Dallas Keeps Building Offices Amid High Vacancy, Slow Leasing
Leasing activity as a percentage of inventory slowest since Great Recession.
In most major metros, construction of new office buildings has withered as office vacancy rates reach record-high levels and construction loans are scarce.
Dallas appears to be an anomaly: its office construction pipeline is really robust despite red warning lights that are flashing on the metro’s vacancy rate and the overall availability of direct office space.
More than 5.2M SF of office space is under construction in Big D, making Dallas the national leader in building offices. Only four major markets are exceeding more than 4M SF in office construction, with Austin a close second at 5.1M SF, followed by Manhattan (4.9M) and Seattle (4M SF), according to CBRE.
Meanwhile, nearly 26% of office space in the Dallas-Fort Worth market is vacant, with total availability at close to 30%, topping 71M SF. Most of the availability is direct space, with sublease availability totaling close to 10M SF, according to Avison Young’s Q4 2023 market report.

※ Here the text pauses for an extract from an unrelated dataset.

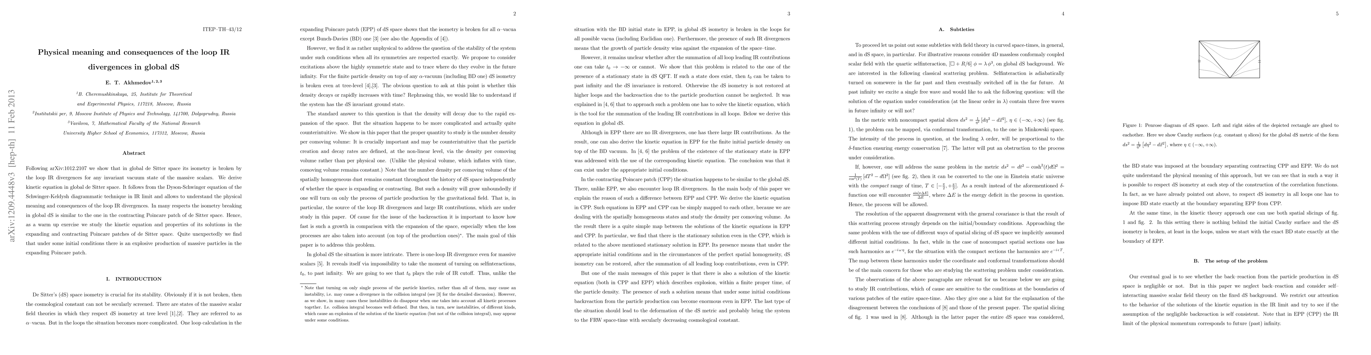 Following arXiv:1012.2107 we show that in global de Sitter space its isometry is broken by the loop IR divergences for any invariant vacuum state of the massive scalars. We derive kinetic equation in global de Sitter space. It follows from the Dyson-Schwinger equation of the Schwinger-Keldysh diagrammatic technique in IR limit and allows to understand the physical meaning and consequences of the loop IR divergences. In many respects the isometry breaking in global dS is similar to the one in the contracting Poincare patch of de Sitter space. Hence, as a warm up exercise we study the kinetic equation and properties of its solutions in the expanding and contracting Poincare patches of de Sitter space. Quite unexpectedly we find that under some initial conditions there is an explosive production of massive particles in the expanding Poincare patch.

Availability, which has increased by 4M SF since the end of 2022, is nearly 50% higher than the DFW market’s long-term average. Leasing activity in 2023 totaled 11.9M SF in DFW, which is about 5.1% of the office inventory, lower than the percentage recorded during the Great Recession.
Between 2005 and 2019, overall office space availability in DFW averaged about 48M SF.
Avison Young said year-end office leasing in DFW is not sufficient to keep up with increasing availability, which it termed an “historic supply-demand disconnect.”
“Unless leasing activity picks up meaningfully, it will be difficult to bring down the current high vacancy and availability rates to more normal levels,” Avison Young’s report said.
Despite the creation of 51K in new office jobs in DFW last year, net absorption was negative 1.3M SF in 2023, a downward swing of more than 2M SF from the positive absorption of close to 900K SF in 2022.
According to Placer.ai data, foot traffic to DFW office buildings remains substantially lower than pre-pandemic levels, with visits down more than 34% in January compared to four years ago.
Nationally, the new office construction pipeline continued to shrink in Q4 2023, dropping 5.3% from the previous quarter and totaling less than half of its 2020 peak, according to Cushman & Wakefield.
While the national office construction pipeline total of about 52M SF in the fourth quarter represents a 46% drop compared to the 2018 total, office space under construction in Dallas has surged by 34% during the same period, according to CBRE’s tally. The level of office construction activity in Dallas is at its highest since a peak in 2016.
Mega-projects continue to break ground in Dallas, including some that are fully pre-leased or represent continuations of multi-phased developments in prime submarkets in the metro.
Major projects getting underway in Dallas include a $500M Goldman Sachs campus, an 800K SF building that will be anchored by Wells Fargo and 23Springs, an 800K tower in Uptown Dallas that will be anchored by a professional services company.